I bought my 1970 GTO Judge 14 years ago. I only taken it to local car shows all these years until last year. We took the car to Dayton and entered the car in concourse. One of the item we had points deducted for was the rear bumper. We were told the bumper was from a 1972 GTO because there was no date code stamped into it. Since i bought the car so many years ago could the bumper be a service replacment. I don't believe the had reproductions that long ago.


----------



## Rukee (Feb 8, 2007)

maybe the `70 bumper had the date code and the `72 did not?


----------



## Bobbyg (Jul 22, 2009)

where is the code located?
I'll see if mine has one.


----------



## goat guy (Feb 28, 2010)

The date code is on the left side under license plate. Stamped with when the bumper was made.


----------



## Bobbyg (Jul 22, 2009)

Mine has "2A22J" stamped there. Don't know how to read this code. Maybe someone else can help in that respect.

Looks like it was stamped before chroming.

I believe this is the original as it still has the AAA stickers over the rust holes


----------



## goat guy (Feb 28, 2010)

I'm not sure how to read the codes myself. But it has to do with month,day and year. But what I'm try to find out is if my bumper is new OEM or a reproduction. Because I don't think that the reproduction bumper go back 14 years.


----------



## Unclesams (Jun 5, 2009)

Mine on my 69 has some numbers and when I rechromed it in 1985 it had the same numbers on it when it came back. How interesting. However it is one of the reasons I don't participate in that nonsense. I watched some judge use a micrometer to measure the amount of undercoating the cars had. I suppose the build specs called for a certain amount, but I would love to see the assembly line worker who did it uniformly.
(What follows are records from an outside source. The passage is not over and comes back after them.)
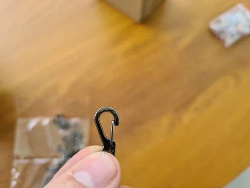 Размер зажима небольшой, хорошо захватывает, подходит для брелков, треккинговых шнуров и т. д. я думаю, что он имеет хорошую прочность, я думаю, что это прочный материал.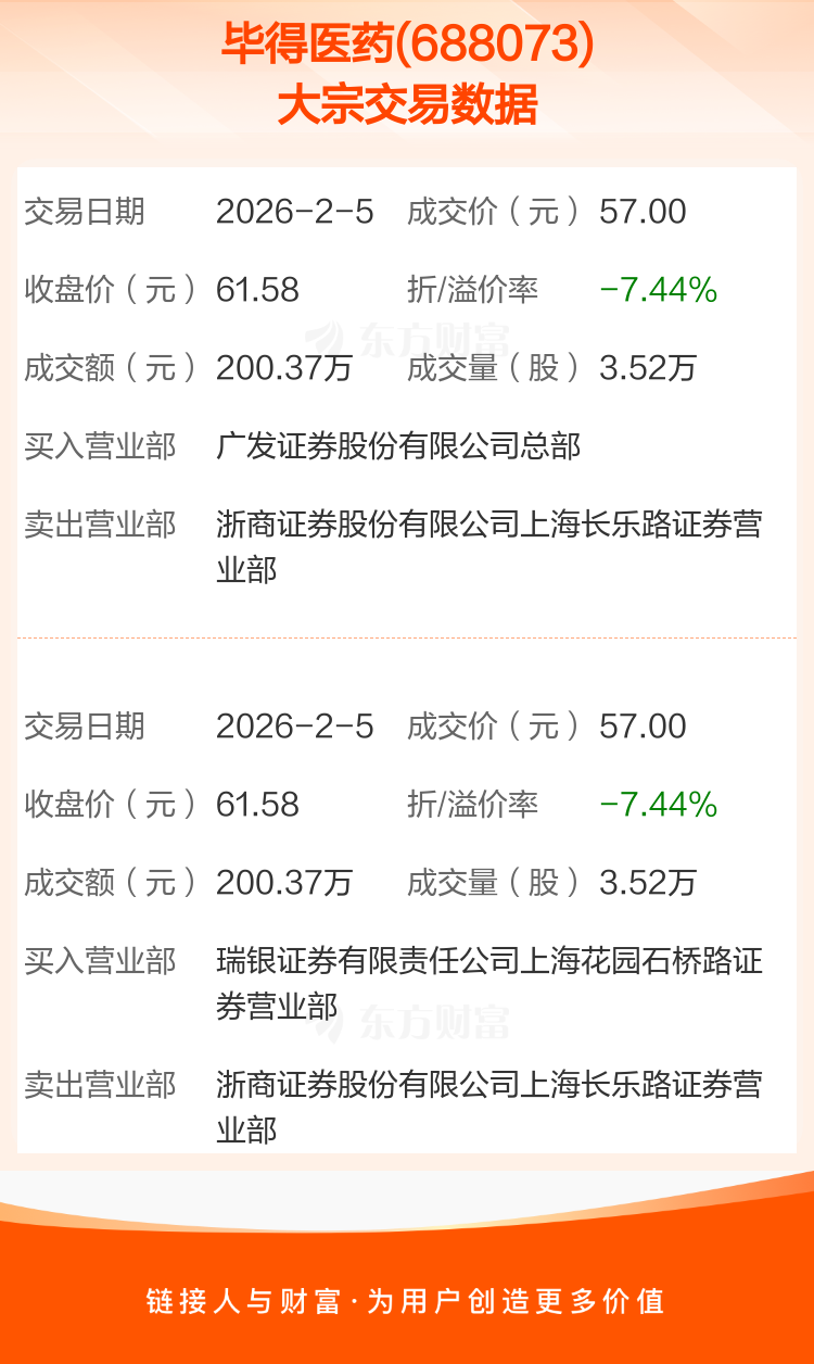 2026年2月5日,毕得医药发生2笔大宗交易,共成交7.04万股,成交金额400.74万元,占其流通市值比例为0.15%。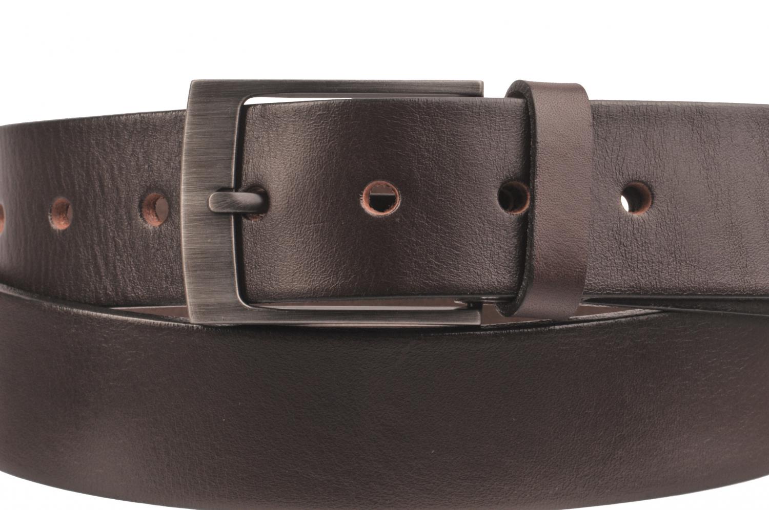 Pánský kožený opasek o šířce 40 mm má elegantní sponu s povrchovou úpravou NKS, spona obsahuje nikl. Pásek je vyrobený z hladké matné kůže se zcela patrnou strukturou. Opasek má zabarvené hrany a upravený rub pásku, což zaručuje, že nedojde k zabarvení oděvu. Pásek není prošitý a lze ho zkrátit pomocí šroubku, který spojuje opasek a kožený díl se sponou.

A car is only original once. There are not many the same way they came off the showroom floor at this stage. Some of the judging is beyond reason in that regards. But who am I to "judge?"


----------



## Rukee (Feb 8, 2007)

The Judges around here don't know what they are looking at.
The one show I was at I was in the stock class and (I still can't believe this and get teased about with friends) got beat out by a mid `90s Bonneville with at least 20 pieces of aftermarket chrome stuck under the hood and a polished stainless coffee CAN muffler with a mirror under it. I was like....WTF?!?


----------



## goat guy (Feb 28, 2010)

I only found out about the date coding because my wife handled the registration for the show in Dayton. Being our first big show she made the mistake of entering use in Concourse. Boy do they pick it apart. But it gave me a guide line to follow.PS bear with me I'm new at the forum scene.


----------